That's a really great diet, like a 10 course betta meal! Probably better than what I eat in simile!

I read somewhere that if your brine shrimp are green, it means they might have been fed on spirulina--thus the green insides.


----------



## Suzie Q (Jan 8, 2007)

Female Betta are the best to have...or a PK Male...the VT, CT, SD, HM and DT are to slow due to their heavy fins to do enough damage in the guppy fry population. If you have only had your guy a day or 2...see if the LFS will trade you for a female...if you want more than 1 female...then you need 5...any less and you will have a lot of fighting for the dominate position.

Good Luck!


----------



## psybock (Jan 12, 2007)

Well, hikari has a brine shrimp that is enriched with spirulina, they are in frozen cubes and they are green, those would possibly be great for constipated bettas b/c of the plant matter, split peas also work just peal off the skin of a thawed pea (plain frozen peas) some bettas like them others don't.

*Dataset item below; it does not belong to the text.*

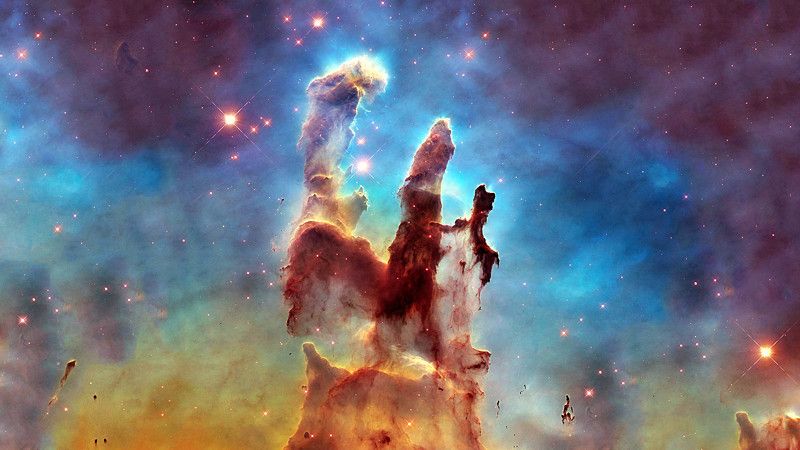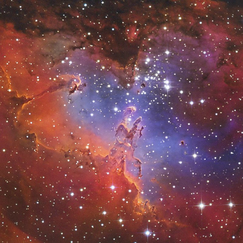 31 августа 2022 Вышивальное задание августа. Выполнено 2,5 тысяч крестиков на моём основном проекте, пункте первом игрового плана, Семплере "Пэчворк", в черных, хаки, коричневых, мятно-серых, фиолетовых полутонах. Все эти оттенки присутствуют в фотографиях туманности, о которой пойдёт речь в приведённой статье. Было: Стало: Выполняла задание месяца, прочитав статью о самой знаменитой фотографии телескопа Хаббл. Меня очень увлекает информация о Столпах Творения (ещё их называют "Пальцами" или "Слоновьими хоботами"). Фотографии и пугающие, и прекрасные одновременно)) «Столпы творения» — они еще видимы, но уже не существуют. Прежде всего стоит отметить, что космический телескоп имени Эдвина Хаббла — самый сильный и зоркий орбитальный телескоп землян — запускался совсем не для того, чтобы постить потом в сети удивительной красоты фотографии туманностей, галактик, звездных скоплений — это все побочный продукт и издержки PR-активности отдела NASA отвечающего за одобрение всех этих безбашенных и крайне дорогих космических проектов населением США. Людям нравятся картинки. Вот и хорошо. Ни одна из тех фотографий, которые были показаны публике, из коллекции снимков телескопа имени Хаббла, не вызывала такой резонанс, как фотография «Столпов». На самом деле это никакой не объект. И у этого вселенского образования даже названия не было, пока телескоп Хаббла не запечатлел этот крошечный сектор неба. Это фрагмент… очень маленький фрагмент туманности «Орёл» в созвездии Змеи: Чтобы не возникла путаница сообщу, что это никак не относится к созвездию Орла. Это другое место на небе, хотя и не очень далеко. Но — не там. Еще одно интересное дополнение: Созвездие Змеи — единственное из созвездий, которое астрономы разрезали на две части. Есть отдельно «Голова», и отдельно «Хвост». Между ними созвездие «Змееносца». Он как бы держит огромную змею в руках, она нежно обвивает его туловище, и какой-то своей частью за телом Змееносца скрывается. Поэтому на звездной карте оно разделено. Туманность «Орел» находится в «Хвосте» Змеи. «Орел» — не только туманность. Это еще и рассеянное звездное скопление. Два с половиной столетия назад это скопление внес в свой каталог знаменитый французский ловец комет Шарль Мессье. Скопление было известно и до него. Но с попаданием в каталог Мессье оно стало именоваться именно как М16. Позже, с созданием Нового Общего Каталога ему был присвоен номер NGC 6611. Звезды, наполняющие скопление М16, совсем молодые. Как сейчас известно, звезды образуются при уплотнении межзвездного газа — из водородных туманностей. И глядя на фотографию рассеянного скопления М16 можно увидеть и ту самую туманность, породившую (и интенсивно порождающую до сих пор) новые звезды. Подобных туманностей на небе множество. Некоторые куда более впечатляющие — та же самая туманность Ориона, обволакивающая все созвездие — она просто невообразима ни по размерам, ни по мощности протекающего в ней звездообразования — это просто титанический вселенский роддом. Но она не стала хитом астрофотографии от телескопа имени Хаббла. Хитом стали «Столпы». И они действительно прекрасны, они пробуждают в человеке какие-то глубинные сокровенные чувства, которые у многих людей соотносятся с чем-то непостижимым, непознанным. Совсем не удивительно, что этому фрагменту туманности «

You could always gut load your feeders with a vegetable food, it might work as well. Either way carnivores don't get much plant matter so anytime you can get it in them is good. I have found with a varied diet they don't get sick (swim bladder disorder, constipation, etc) as much and seem to be far more active.


----------



## Schoolofdisabledguppies (Jun 9, 2018)

Use red tailed sharks. Works for most of my 40 gal tank.


----------